BEGIN
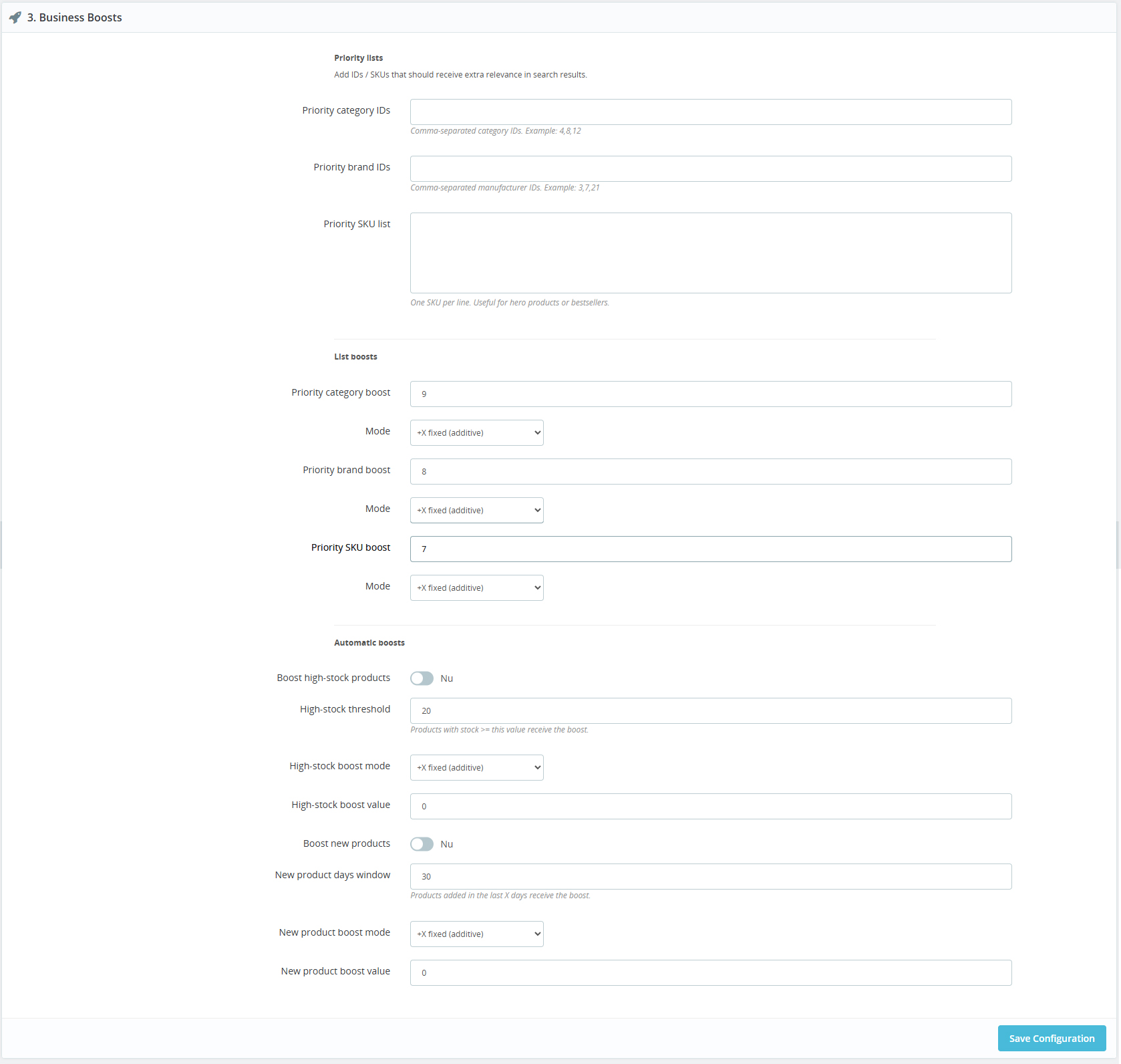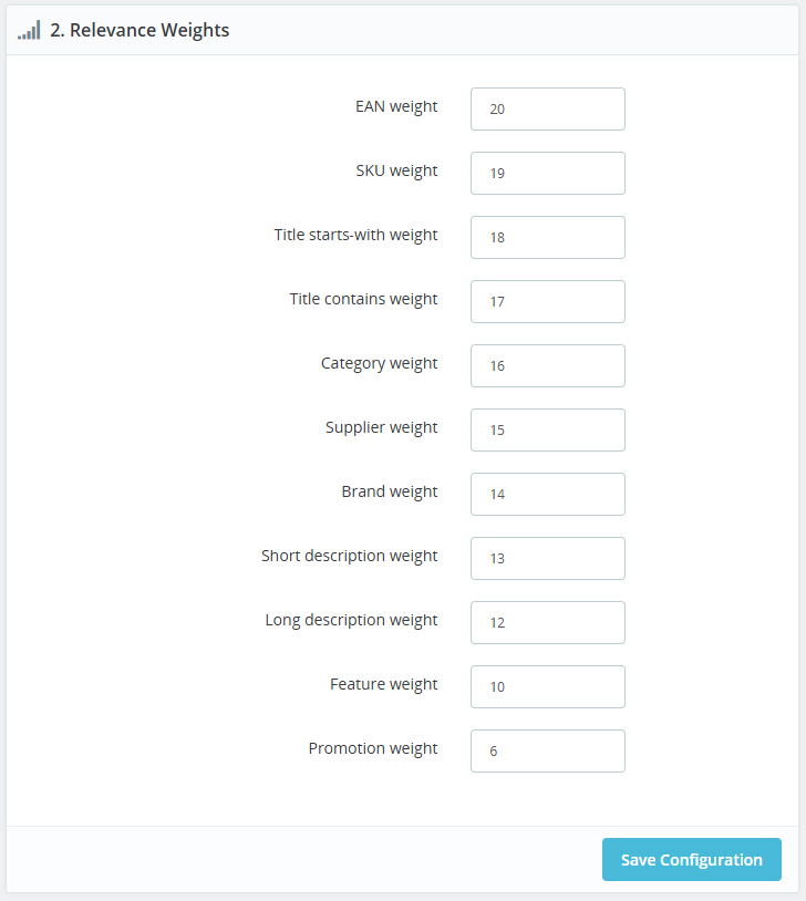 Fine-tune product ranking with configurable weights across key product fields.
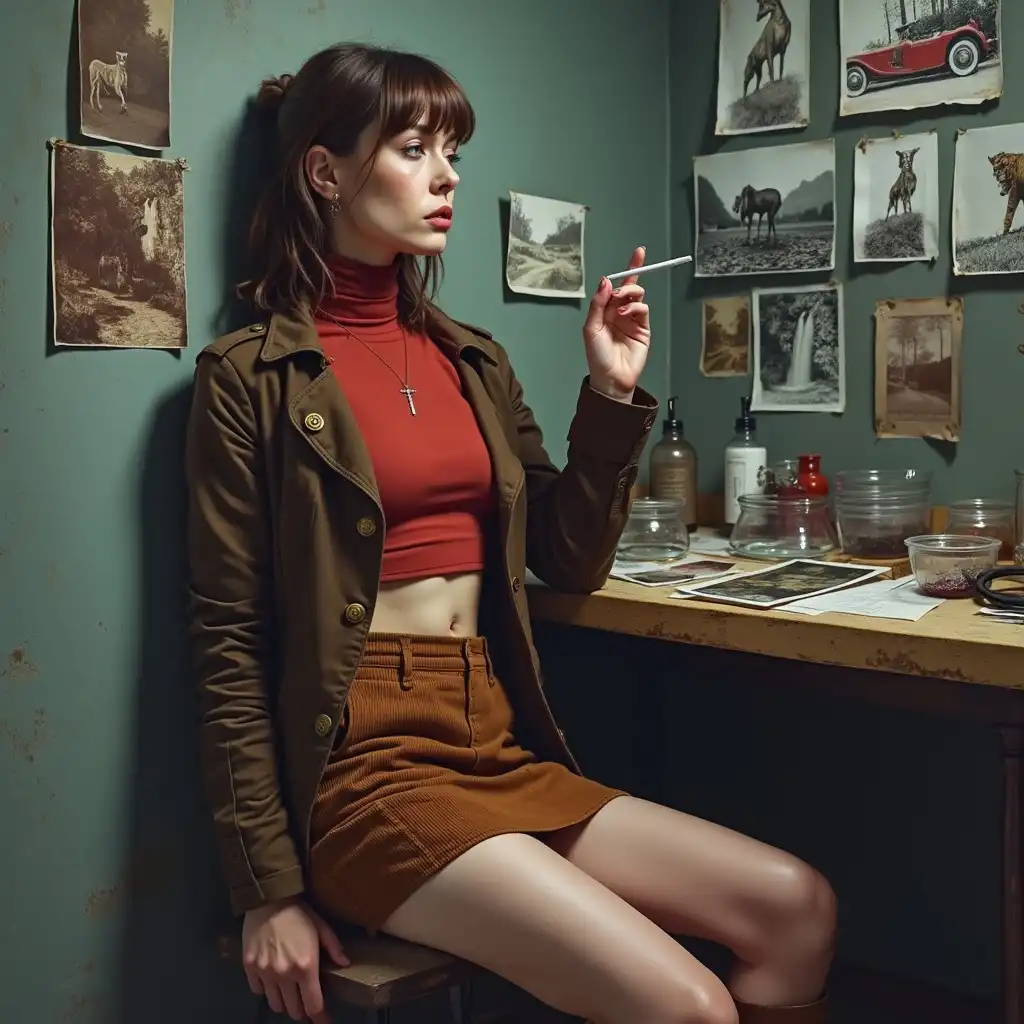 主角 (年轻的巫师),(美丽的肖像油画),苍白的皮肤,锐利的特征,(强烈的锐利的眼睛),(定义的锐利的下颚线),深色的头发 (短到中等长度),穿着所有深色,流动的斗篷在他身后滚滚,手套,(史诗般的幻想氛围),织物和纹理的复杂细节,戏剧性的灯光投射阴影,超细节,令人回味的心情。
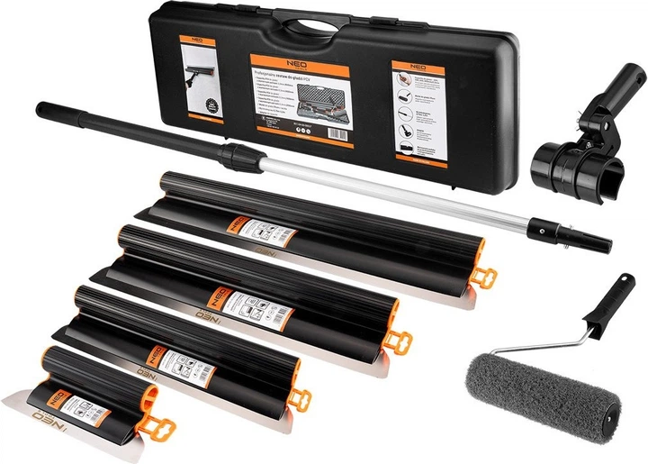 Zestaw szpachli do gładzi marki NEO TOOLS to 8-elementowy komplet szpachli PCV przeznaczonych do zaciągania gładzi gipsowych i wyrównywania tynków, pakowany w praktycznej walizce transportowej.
END
▶ [Work to complete]:
Quote the data above in full and without alteration; skip the pictures.

▶ [Task answer]:
 Fine-tune product ranking with configurable weights across key product fields.
 主角 (年轻的巫师),(美丽的肖像油画),苍白的皮肤,锐利的特征,(强烈的锐利的眼睛),(定义的锐利的下颚线),深色的头发 (短到中等长度),穿着所有深色,流动的斗篷在他身后滚滚,手套,(史诗般的幻想氛围),织物和纹理的复杂细节,戏剧性的灯光投射阴影,超细节,令人回味的心情。
 Zestaw szpachli do gładzi marki NEO TOOLS to 8-elementowy komplet szpachli PCV przeznaczonych do zaciągania gładzi gipsowych i wyrównywania tynków, pakowany w praktycznej walizce transportowej.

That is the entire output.